During the training process, the team of Lixiang Tongxue uses the MCP management tool service in the Reward module optimization of the agent reinforcement phase, such as using MCP Hub to provide a catalog of callable tool resources for training tasks and business requests.

In the next phase, Lixiang Tongxue plans to strengthen its multimodal capabilities and implement COA (Chain of Action), which means that the same model continuously thinks about how to call external tools to solve problems and take action, further improving the synergy between different modules for tool calling, reasoning and action.

2.Case 2: GUI Agent

A GUI agent (graphical user interface agent) is a specific LLM agent which processes user commands or requests in natural language, understands the current state of the GUI through screenshots or UI element trees, and performs actions that simulate human-computer interaction, thus spanning various software interfaces.
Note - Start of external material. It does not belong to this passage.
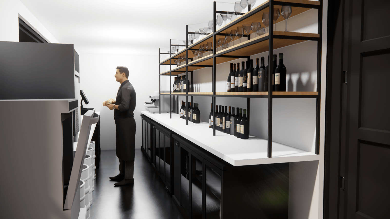 A l'intérieur de notre conteneur bar, chaque espace est maximisé pour offrir un espace de travail spacieux et ergonomique, en répondant aux besoins exigeants des professionnels et conformément aux règles d'hygiène et de sécurité.

A GUI agent typically includes modules such as operating environment, prompt project, model inference, action, and memory.

GUI agent technology is still far from fully mature, but some OEMs, including Li Auto, Geely, and Xiaomi, have already started to deploy it.

In the ordering scenario aforementioned, Lixiang Tongxue leverages GUI agent technology when selecting a meal package, so that it can operate the screen components automatically without user intervention. The team of Lixiang Tongxue has pointed out that the operation accuracy of the GUI agent will also affect the final action of the CUA framework (because the payment process requires scanning screenshots, which involves the GUI agent). If the accuracy is too low, it may be difficult to guarantee a stable experience for complex tasks such as registering for parking and paying parking fees.

For example, Xiaomi has launched a GUI agent framework "BTL-UI", which uses a Group Relative Policy Optimization (GRPO) algorithm within a Markov decision process (MDP). The agent should receive the current screen state, user commands, and historical interaction records at each time step, and then output a structured BTL response, converting the input multimodal information into a comprehensive output that includes visual attention zones, reasoning processes, and command execution.

Its implementation methods and core technologies include:

Bionic interaction framework: Based on the BTL-UI model, it simulates human visual attention allocation (blinking), logical reasoning (thinking), and precise execution (action), supporting complex multi-step tasks (such as cross-application calls and multimodal interactions).

Automated data generation: It automatically analyzes screenshots, identifies the interface elements most relevant to user commands, and generates high-quality attention annotations for these zones.

BTL reward mechanism: It meticulously evaluates each cognitive stage in between, checking whether the AI correctly identifies the relevant interface elements, performs reasonable logical reasoning, and generates accurate operation instructions.

OEMs are currently transitioning from L2 reasoners to L3 agents, with L3 further divided into four stages.

According to OPEN AI's definition of AGI, Chinese OEMs are currently in the process of transitioning from L2 reasoners to L3 agents. At each different stage, different problems should be solved, with corresponding characteristics:

At present, most OEMs' cockpit AI assistants have delivered "professional services" to a certain extent. The next goal is to achieve "emotional resonance" and overcome the hurdle of "proactive prediction".

For "emotional resonance", NIO offers "Nomi" as a leading player.

In 2025, most AI assistants' emotional chats are implemented primarily through tone changes simulated by TTS technology, terminology from the knowledge base (such as colloquial interjections), and preset emotional scenario workflows. Compared to other cockpit agents, Nomi has two unique advantages:

1.Physical shell: Nomi can materialize more than 200 dynamic expressions through its shell "Nomi Mate" (upgraded to version 3.0 as of November 2025), giving emotional value in the real world. For example, when Nomi interacts with people via voice, it simulates the head movements that occur when people are talking to each other, and simulates the movement of a person's head turning towards the source of a sound when they hear a sound, thus achieving an arc-shaped head turning trajectory.

2.Emotional settings:

In terms of architecture, a dedicated "emotion engine" module is set up. Through three sub-modules, namely "contextual intelligence", "personalized intelligence" and "emotional expression", it uses voice, vision and multimodal perception technologies to achieve contextual arbitration, derive a series of understandings of the current situation, and realize natural human-like reactions in emotional scenarios.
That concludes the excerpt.